Wali Kirani (خواجه ولی مودودی چشتی کرانی, fl c.1470) was a Muslim saint. His date of birth and date of death are not known, but is believed to have lived around the time of Sultan Hussain Mirza's rule in Herat around 1470.

==Ancestors==

===Chishti group===
The founder of the Chishti group was Khwaja Moudod, who was born in 1039 AD and died in 1133 AD at Chisht, a suburb of Hirat. The founder and forefather of the Moudodi branch of the Chishti order is Qutub-ud-din Maudood Chishti, who was born in Chisht, Herat, Afghanistan. Khwaja Moinuddin, who flourished in the 12th century and whose shrine is in Ajmer, was a Chishti.

The word Khwaja ("master") is used to show respect for the saints of the Chishti order.

===Rukun-ud-din Hussain Chishti===
Upon the death of the Sufi saint Najamuddin Ahmed Mushtaq (507–577 A.H.; 1129–1199 C.E.), the two elder sons – Baha-ud-din Muhammad and Nizam-ud-din Ali – could not decide as to who should be their father's successor while the third son – Rukun-ud-din Hussain – kept quiet. Finally the murids and Khulifa, having seen a miraculous sign, requested Rukun-ud-din to be the Sajjada nashin. His brothers also agreed, and despite his rank the Khwaja was always respectful to his brothers and gave them due regard.

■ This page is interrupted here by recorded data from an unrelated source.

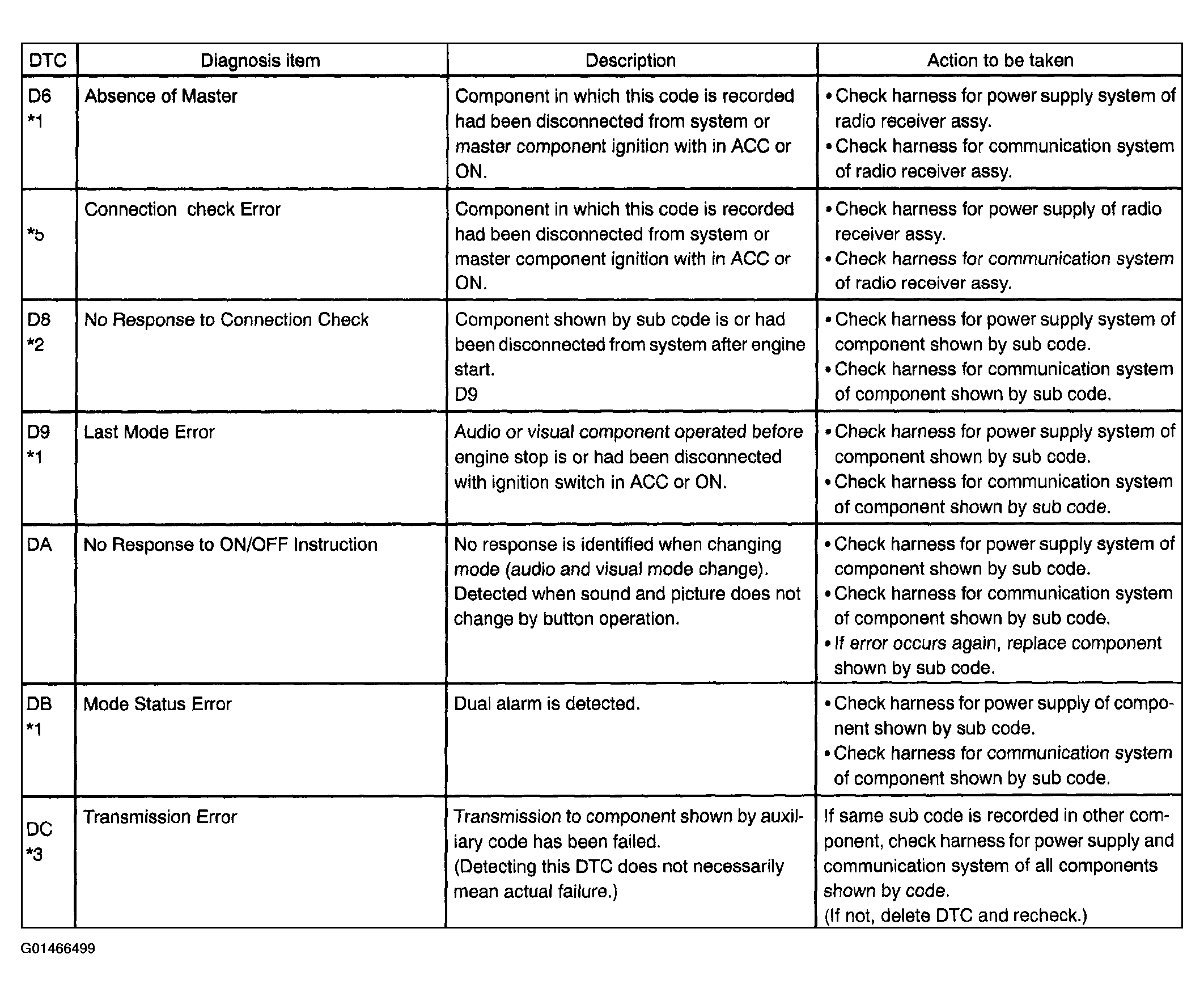 to determine the trouble area and proper inspection procedure. The Audio System diagnostic trouble code table is shown Fig 1
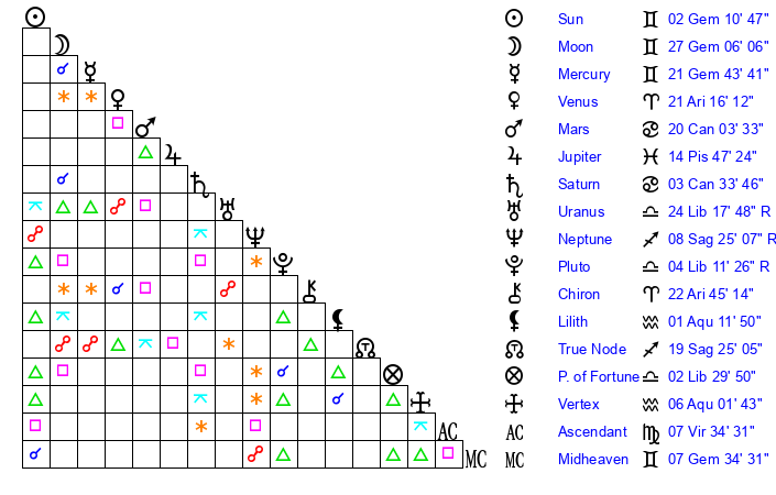 | Moon | 27 Gemini 8 | 14 Aries 51 | 3 Taurus 25 |
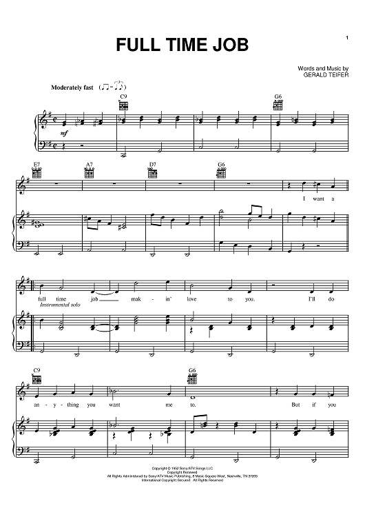 Digital Sheet Music for Full Time Job by Eddy Arnold, Gerald Teifer scored for Piano/Vocal/Chords; id:388249
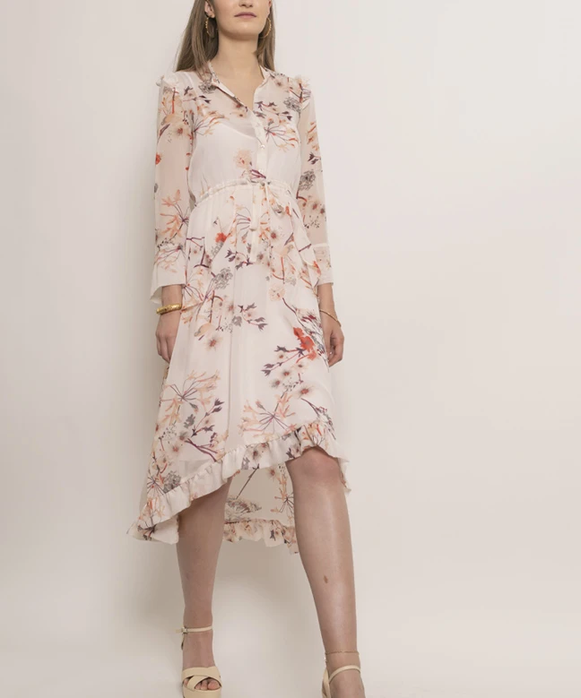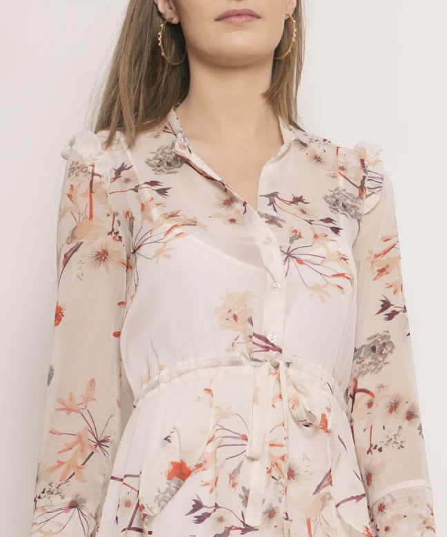 Robe Maje modèle Printemps. Cette robe midi fleurie est légère et fluide. Sa couleur et ses motifs sont très printaniers, c’est la robe parfaite pour la saison ! Elle dispose d’un décolleté en V avec pattes de boutonnage et de manches 3/4 ressérées aux poignets. Des volants sont brodés sur les épaules et en bas de la jupe. Vous pouvez ajuster la robe à la taille grâce à un discret noeud ton sur ton. Elle possède également un fond de robe intégré. Elle est disponible à la location grâce à votre abonnement Une Robe Un Soir ou à la location unitaire.
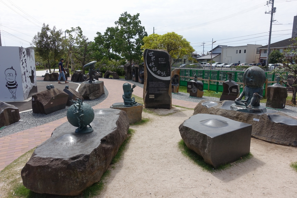 平成30年7月完成に向けて、すでにリニューアル工事が始まっています。一部の妖怪ブロンズ像は、工事のため境港駅前ロータリー南側の広場に「世界妖怪会議」と題して移設されていました。道路は一部コーンや柵が置かれ車道部分で通れなくなってる箇所があるものの、歩道部分は特に問題なく歩けました。本格的な工事はまだこれからって感じのようです。
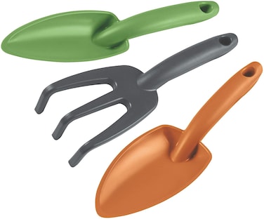 Made with heavy-duty polypropylene, they last longer and have a beautiful finish. - The handles have an ergonomic shape for a more comfortable use. - Lightweight products that demands less physical effort from the user, resulting in more pleasant work. - Contains 3 pieces: 1 hand garden trowel (78108/011), 1 cultivator 3 teeth (78108/024) and 1 transplanting trowel (78108/000). - The packaging purpose is to easily display the goods in the point of sale.

In 1220 CE, Genghis Khan invaded Afghanistan and the Muslim provinces with widespread destruction, looting, and death. Rukn-ud-din had a dream in which his father warned him about the impending threat of a Tatari attack on the Herat and advised him to seek shelter elsewhere. The Khwaja migrated to Ghour along with his family. It is said that he was in the fort of Ghour when the Tartar forces surrounded and besieged the city but the Khwaja's prayers prevented their conquering and they left. In another account, the Khwaja and his two sons stayed for six months in an area called Saghir. Khwaja Rukun-ud-din then returned to Chisht but found his extended family in turmoil: the few who had not been killed were in distress. Rukunuddin Hussain brought them together and gave them hope. The Khwaja asked his son Khwaja Mohiuddin Ali to proceed to India while his other son, Khwaja Sheikh Ul Islam Qududdin Muhammad, died. He often felt grief over this separation from his sons. It is said that after Sahib's arrival at Chisht whenever an attacking army passed near Chisht, most of the soldiers converted to Islam at Rukn-ud-din's hand so that thousands converted to Islam.

He died in 635 AH at the age of 90 years.

===Khwaja Qutub-ud-din Muhammad===
Qutub-ud-din Muhammad Ibn-e-Muhammad Moududi Chishti was the grandson of Khwaja Rukn-ud-din Hussain. His father, Muhammad, had died when his grandfather was still alive so he assumed the position of Sajjada nashin after his grandfather's death. He wrote to his uncle Ali to return from India and offered him the seat but the latter declined to come back.

Khwaja Qutub-ud-din belonged to the same era as Genghis Khan's nephew Hulagu Khan. After Genghis's death, his sons and many of his followers converted to Islam. Many of them became followers of Qutub-ud-din Muhammad. He gave them advice and explained to them the religion of Islam and responsibilities of being a Muslim. After the Tatari assault on Herat in 1221 A.C. many of the residents of Chisht and followers and relatives of Qutubuddin had permanently fled to other areas like Ghour, Ghazni, and Khurrassan (Ref Book: Mohammad Ibrahim Yukpasi by Dr. Tahir Taunsvi). However, the Mongols who had converted to Islam revered Khwaja Qutub-ud-din. Their ruler declared safe passage to anyone who wanted to return to Chisht and agreed to follow Qutub-ud-din, and he issued an order that none should be harmed in the vicinity of where the Khwaja lived. As a result, a large number of people came back to Chisht and settled in peace under the guidance of Qutub-ud-din Muhammad.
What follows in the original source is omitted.